There’s a post from the local beat reporter about trade rumors, something about a nineteen-year-old “generational talent” who’s apparently “a young Liam LeClerc.” The words hit like a slapshot to the gut.

I’m twenty-eight, which apparently means I’m already old enough to be someone’s baseline for comparison.

The phrase “young Liam LeClerc” causes me to simmer and grow hot inside.

What does that make me? The broken one? The cautionary tale?

That’s when Rocky, the Sentinels’ PR rep, barrels into the room like a bear that learned to wear khakis.

Heavyset and broad through the chest, his shirt straining at the buttons, he’s got the kind of presence that makes a room feel more crowded just by existing in it.

His beard is thick and unbothered, like he should be chopping wood instead of wrangling hockey players.

“LeClerc!” he shouts because Rocky only has one volume setting since he mainlines espresso all day.

“I need you for an event.” Rocky’s job is basically to make sure the players show up for obligations but don’t embarrass ourselves or the organization in public.

He’s powered by deadlines and caffeine, and he’s looking at me like I’m a problem he needs to solve. “So whaddya think?” he shouts.

“Not interested.”

“You don’t even know what it is.”

“I don’t care what it is,” I say, finally meeting his eyes. Rocky’s expression suggests he’s not particularly impressed with my attitude, which is fair, because neither am I.

“It’s at Lincoln Center,” he barrels on, steamrolling right past my lack of enthusiasm. “Swan Lake performance—big deal, lots of cameras. You show up, wave, flash some teeth—real ones ideally, remind the world you’re not dead inside. Good for the team, good for you.”

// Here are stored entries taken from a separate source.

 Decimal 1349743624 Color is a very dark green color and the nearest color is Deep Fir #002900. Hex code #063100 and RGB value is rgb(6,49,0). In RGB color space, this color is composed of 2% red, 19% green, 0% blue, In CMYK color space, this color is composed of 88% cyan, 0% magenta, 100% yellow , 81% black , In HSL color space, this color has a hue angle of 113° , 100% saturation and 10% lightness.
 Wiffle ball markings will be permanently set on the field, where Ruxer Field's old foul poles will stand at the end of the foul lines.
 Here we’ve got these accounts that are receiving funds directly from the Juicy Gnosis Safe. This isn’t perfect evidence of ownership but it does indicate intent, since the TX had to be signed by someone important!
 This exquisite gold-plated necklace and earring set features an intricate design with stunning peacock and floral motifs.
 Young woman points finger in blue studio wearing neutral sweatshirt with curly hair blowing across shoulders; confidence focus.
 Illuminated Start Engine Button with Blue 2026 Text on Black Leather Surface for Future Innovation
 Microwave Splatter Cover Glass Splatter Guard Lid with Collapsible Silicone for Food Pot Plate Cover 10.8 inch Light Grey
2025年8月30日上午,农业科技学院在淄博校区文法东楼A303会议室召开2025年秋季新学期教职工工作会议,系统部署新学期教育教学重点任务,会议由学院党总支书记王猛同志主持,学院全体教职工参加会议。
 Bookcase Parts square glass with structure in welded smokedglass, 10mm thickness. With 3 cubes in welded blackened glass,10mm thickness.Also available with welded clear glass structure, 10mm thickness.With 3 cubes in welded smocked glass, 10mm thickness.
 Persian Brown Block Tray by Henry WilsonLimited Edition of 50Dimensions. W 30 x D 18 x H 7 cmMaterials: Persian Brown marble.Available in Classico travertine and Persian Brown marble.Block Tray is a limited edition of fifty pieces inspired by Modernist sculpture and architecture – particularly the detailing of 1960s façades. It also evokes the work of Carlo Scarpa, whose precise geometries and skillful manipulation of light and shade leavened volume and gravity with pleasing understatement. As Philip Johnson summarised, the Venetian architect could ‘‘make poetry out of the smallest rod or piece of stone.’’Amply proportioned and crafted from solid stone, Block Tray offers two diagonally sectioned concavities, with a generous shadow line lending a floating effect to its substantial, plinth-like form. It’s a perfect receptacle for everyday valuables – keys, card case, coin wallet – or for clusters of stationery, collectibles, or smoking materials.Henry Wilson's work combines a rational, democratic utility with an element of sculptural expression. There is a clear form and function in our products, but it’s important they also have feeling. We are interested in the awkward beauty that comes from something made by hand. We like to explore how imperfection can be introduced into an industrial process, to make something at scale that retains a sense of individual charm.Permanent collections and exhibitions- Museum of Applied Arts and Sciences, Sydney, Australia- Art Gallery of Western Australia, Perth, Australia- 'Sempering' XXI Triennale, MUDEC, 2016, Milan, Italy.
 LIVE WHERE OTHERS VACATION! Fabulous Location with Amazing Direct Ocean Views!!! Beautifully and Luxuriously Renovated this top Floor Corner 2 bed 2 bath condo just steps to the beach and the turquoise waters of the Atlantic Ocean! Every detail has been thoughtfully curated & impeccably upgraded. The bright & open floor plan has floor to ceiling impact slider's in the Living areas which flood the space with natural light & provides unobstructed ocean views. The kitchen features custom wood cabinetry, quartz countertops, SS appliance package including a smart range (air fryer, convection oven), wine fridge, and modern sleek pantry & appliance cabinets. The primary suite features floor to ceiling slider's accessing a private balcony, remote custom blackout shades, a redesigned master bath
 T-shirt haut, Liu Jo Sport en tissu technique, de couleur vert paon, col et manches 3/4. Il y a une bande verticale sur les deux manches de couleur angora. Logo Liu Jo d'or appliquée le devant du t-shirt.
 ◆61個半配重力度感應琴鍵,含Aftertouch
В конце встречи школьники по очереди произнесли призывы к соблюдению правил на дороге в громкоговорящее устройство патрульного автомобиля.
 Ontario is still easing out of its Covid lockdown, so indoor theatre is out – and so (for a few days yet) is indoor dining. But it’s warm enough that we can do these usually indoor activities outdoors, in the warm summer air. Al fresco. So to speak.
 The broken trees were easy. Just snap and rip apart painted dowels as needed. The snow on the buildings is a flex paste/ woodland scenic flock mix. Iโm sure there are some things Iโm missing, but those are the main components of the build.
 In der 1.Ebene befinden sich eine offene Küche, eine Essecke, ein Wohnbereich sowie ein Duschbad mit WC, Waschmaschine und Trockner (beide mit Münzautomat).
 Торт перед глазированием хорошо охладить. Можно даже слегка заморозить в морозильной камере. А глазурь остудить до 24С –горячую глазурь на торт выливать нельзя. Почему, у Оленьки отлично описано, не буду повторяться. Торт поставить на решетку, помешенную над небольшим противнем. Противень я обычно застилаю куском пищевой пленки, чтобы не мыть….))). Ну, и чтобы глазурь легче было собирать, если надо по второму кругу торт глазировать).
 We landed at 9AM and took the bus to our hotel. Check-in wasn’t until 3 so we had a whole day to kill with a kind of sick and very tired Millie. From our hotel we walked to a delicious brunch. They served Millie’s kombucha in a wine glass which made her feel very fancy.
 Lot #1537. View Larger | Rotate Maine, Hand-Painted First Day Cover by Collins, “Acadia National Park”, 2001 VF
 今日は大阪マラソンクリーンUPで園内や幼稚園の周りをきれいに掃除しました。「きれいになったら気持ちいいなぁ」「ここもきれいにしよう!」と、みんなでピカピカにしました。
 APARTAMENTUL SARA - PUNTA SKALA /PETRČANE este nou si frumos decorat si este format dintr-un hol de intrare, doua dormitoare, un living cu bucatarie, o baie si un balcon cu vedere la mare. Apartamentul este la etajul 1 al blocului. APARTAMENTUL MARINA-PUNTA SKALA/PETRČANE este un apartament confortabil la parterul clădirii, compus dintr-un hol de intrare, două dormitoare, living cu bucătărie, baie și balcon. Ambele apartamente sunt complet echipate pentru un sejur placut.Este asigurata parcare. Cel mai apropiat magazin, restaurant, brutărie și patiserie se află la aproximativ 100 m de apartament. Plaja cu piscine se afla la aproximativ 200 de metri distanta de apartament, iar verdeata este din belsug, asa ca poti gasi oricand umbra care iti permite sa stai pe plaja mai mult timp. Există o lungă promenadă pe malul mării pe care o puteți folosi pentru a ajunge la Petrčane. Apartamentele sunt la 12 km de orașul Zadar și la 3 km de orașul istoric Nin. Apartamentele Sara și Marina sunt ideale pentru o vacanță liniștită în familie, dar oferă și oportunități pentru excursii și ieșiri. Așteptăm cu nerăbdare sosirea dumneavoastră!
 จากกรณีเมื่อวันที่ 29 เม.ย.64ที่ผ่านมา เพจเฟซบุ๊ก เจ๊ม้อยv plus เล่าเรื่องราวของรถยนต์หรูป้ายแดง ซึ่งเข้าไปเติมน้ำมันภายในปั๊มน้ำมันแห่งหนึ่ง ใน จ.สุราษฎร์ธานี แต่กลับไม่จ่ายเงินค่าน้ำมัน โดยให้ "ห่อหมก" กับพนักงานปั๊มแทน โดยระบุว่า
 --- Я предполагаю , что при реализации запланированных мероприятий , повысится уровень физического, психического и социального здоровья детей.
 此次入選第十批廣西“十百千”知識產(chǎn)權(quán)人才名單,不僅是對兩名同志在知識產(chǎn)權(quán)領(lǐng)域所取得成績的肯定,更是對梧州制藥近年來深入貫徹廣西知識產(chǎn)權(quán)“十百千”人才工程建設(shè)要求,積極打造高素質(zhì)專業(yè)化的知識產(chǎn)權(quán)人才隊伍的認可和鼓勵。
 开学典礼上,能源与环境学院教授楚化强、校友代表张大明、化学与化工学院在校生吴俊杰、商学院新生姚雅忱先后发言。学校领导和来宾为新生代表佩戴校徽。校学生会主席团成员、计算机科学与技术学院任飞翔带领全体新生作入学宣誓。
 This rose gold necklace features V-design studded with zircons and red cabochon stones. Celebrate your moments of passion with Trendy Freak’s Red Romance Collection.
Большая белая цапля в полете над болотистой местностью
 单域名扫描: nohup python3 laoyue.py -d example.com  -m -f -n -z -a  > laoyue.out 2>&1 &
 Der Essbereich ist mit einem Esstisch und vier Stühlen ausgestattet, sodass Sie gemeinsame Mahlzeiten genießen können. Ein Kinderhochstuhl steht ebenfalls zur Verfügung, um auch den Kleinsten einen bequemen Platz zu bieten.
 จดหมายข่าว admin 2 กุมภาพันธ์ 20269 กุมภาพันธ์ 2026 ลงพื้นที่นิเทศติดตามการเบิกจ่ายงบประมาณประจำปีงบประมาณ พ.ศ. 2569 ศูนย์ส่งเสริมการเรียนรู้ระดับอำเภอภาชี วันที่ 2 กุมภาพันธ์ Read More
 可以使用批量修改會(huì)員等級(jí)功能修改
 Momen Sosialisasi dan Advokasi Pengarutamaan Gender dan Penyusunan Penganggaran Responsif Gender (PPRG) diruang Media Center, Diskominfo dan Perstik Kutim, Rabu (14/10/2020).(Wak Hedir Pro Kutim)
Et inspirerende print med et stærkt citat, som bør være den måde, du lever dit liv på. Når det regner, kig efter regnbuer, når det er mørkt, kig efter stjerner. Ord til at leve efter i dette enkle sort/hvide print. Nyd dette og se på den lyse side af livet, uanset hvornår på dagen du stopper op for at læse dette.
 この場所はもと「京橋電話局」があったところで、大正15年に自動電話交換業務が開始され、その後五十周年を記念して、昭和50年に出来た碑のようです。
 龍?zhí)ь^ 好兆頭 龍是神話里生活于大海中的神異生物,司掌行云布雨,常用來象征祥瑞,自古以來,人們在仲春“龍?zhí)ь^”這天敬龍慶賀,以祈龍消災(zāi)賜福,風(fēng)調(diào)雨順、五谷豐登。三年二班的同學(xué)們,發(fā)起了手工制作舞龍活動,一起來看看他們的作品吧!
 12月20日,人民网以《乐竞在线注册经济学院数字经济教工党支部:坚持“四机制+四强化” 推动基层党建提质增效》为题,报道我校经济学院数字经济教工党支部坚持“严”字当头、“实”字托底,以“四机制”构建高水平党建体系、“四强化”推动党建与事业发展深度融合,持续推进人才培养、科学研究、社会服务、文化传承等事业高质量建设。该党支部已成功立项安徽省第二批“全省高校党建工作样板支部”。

Now I’m looking at him. “Ballet? You think anyone’s going to buy that I belong at a ballet? Come on, Rocky.”

He crosses his arms, and I can practically see the lecture forming behind his eyes. “I think people still care about you,” he says. His voice has an edge that cuts through my defenses. “And this is a chance to remind them why.”

The words land harder than they should. People caring about me feels like a foreign concept these days. I’ve been invisible for so long that I’m not sure I remember how to be seen.

“I’m not doing it,” I say, standing and grabbing my bag. “I’ve got enough to worry about without being paraded around as some feel-good story.”

Rocky gives me a look that suggests he can see straight through me. “Suit yourself,” he says finally. “But don’t forget: being invisible is a choice. If you’re okay with that, then I’ve got nothing else to say.”

He turns and walks out, leaving me alone with his words echoing in the empty training room.

Being invisible is a choice.

The thing is, Rocky’s right. I have been choosing to disappear, to fade into the background noise of my own life. It started as self-preservation—if you don’t try, you can’t fail—but somewhere along the way, it became something else. A habit. A comfort zone made of doubt and low expectations.

I sink back into my chair, staring at the spot where Rocky had been standing.

Outside the room, I can hear my teammates moving, bustling, continuing to be a team without me.

The noise from the crowd at last night’s game replays in my head.